MySQL InnoDB takes a different approach. Instead of storing multiple row versions in the table space, InnoDB keeps only one version in the clustered index and stores older versions in a separate undo tablespace. Each row in the index has a DB_ROLL_PTR that points to the undo log entry for the previous version. When a transaction updates a row, InnoDB writes the old values to an undo log record and updates the current row. A snapshot is constructed by reading the current row, then following the rollback pointer to reconstruct older versions as needed. This means that table bloat is less of an issue in InnoDB — the table space itself doesn't grow with dead tuples. However, the undo tablespace can grow very large if long-running transactions prevent the purge of old undo records.

InnoDB's purge system runs automatically and is much less configurable than PostgreSQL's vacuum. You can control undo truncation from MySQL 8.0+ with innodb_undo_log_truncate and innodb_max_undo_log_size. If these aren't set correctly, your undo tablespace can silently eat up disk — and you won't see it in SHOW TABLE STATUS. You need to check INFORMATION_SCHEMA.INNODB_METRICS or INNODB_UNDO_TABLESPACES.

Production Insight
InnoDB's undo log is invisible to SHOW TABLE STATUS — many teams miss the 50GB undo file until it fills the disk.
Undo truncation with innodb_undo_log_truncate helps, but it only works with separate undo tablespaces (enabled by default in 8.0+).
Rule: monitor INNODB_METRICS for undo memory usage, not just table size.
Key Takeaway
InnoDB trades table bloat for undo log bloat.
Undo log growth is invisible unless you explicitly monitor it.
MVCC's hidden cost shifts from main table to undo tablespace — but it's still a version management cost you must track.

Isolation Levels Under MVCC: Read Committed vs Repeatable Read vs Serializable

MVCC implements snapshot isolation (SI) at the default levels.
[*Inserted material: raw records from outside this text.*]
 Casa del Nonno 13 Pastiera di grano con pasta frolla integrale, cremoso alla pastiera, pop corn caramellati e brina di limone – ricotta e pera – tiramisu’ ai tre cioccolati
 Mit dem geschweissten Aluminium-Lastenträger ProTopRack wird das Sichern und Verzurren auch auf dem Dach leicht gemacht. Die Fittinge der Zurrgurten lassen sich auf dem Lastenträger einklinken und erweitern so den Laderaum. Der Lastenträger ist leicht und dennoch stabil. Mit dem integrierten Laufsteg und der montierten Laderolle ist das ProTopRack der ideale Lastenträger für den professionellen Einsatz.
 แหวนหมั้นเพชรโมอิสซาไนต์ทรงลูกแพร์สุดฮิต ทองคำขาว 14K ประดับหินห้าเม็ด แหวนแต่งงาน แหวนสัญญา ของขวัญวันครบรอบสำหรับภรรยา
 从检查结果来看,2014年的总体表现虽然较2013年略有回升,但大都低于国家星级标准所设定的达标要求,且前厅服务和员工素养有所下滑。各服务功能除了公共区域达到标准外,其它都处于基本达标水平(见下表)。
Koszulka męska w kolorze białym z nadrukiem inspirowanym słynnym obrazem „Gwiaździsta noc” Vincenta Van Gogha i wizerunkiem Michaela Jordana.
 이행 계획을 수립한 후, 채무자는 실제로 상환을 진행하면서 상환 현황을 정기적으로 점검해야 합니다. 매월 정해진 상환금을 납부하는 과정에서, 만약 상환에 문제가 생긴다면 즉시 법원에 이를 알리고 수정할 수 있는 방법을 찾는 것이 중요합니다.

In PostgreSQL, Read Committed and Repeatable Read use different snapshot strategies. Read Committed takes a new snapshot for each statement within a transaction, meaning you can see changes committed by other transactions between your own statements. Repeatable Read takes a single snapshot at the start of the transaction — all subsequent statements see the same version of the database. Serializable adds predicate locking to SI to prevent all anomalies including write skew, but it comes with overhead and the possibility of serialisation failures (which you must handle by retrying). InnoDB's default is Repeatable Read with a similar snapshot, but it also uses next-key locking to prevent phantoms, which can lead to more lock contention than PostgreSQL's approach.
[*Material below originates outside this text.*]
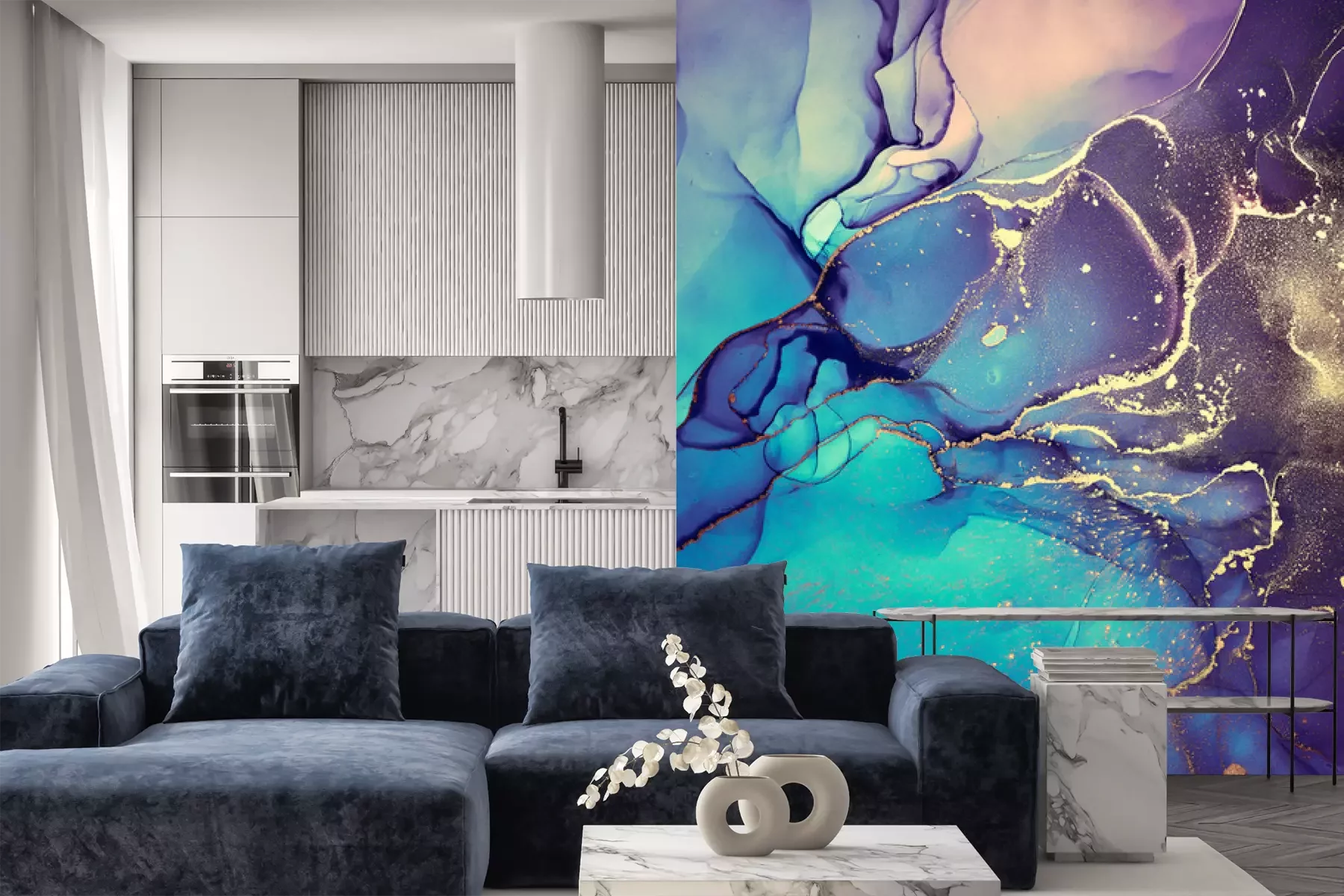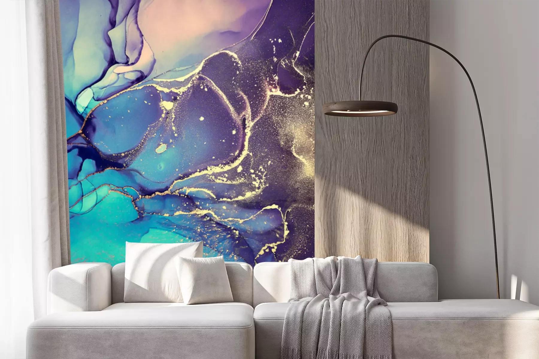 Turkoois aquarel marmeringFotobehang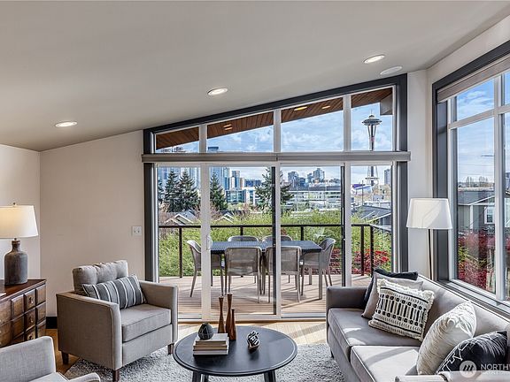 Soak up iconic Space Needle views and sleek modern style in this Queen Anne stunner. Vaulted ceilings and walls of windows flood the top floor with natural light, while a spacious deck with built-in gas grill sets the scene for sunset dinners, sparkling city lights, and NYE fireworks. The open kitchen features gas cooking, island seating, and a dumbwaiter to deliver groceries from your private garage. The primary suite also features epic city views and a spa-like 5 piece bath complete with heated floors. Downstairs, a built-in desk + Murphy bed = perfect 2nd bedroom or WFH flex space. On a quiet street, with a Walk Score of 92 you are close to everything— QFC, amazing food choices, Amazon, Meta, Google, Kraken games, concerts, & cocktails.

Write skew is the anomaly that catches most teams off guard. Imagine a medical scheduling system: two doctors both query the on-call roster, see one slot left, and both assign themselves. Under REPEATABLE READ, both transactions commit — now two doctors believe they're on call. The conflict is invisible because each transaction only reads the existing slot count, then updates a separate row. MVCC's snapshot isolation prevents lost updates and dirty reads, but it does not detect this overlapping read-then-write pattern. To prevent write skew, you need either SERIALIZABLE isolation (which uses predicate locks or SSI in Postgres) or explicit locking with SELECT ... FOR UPDATE on the rows you plan to change.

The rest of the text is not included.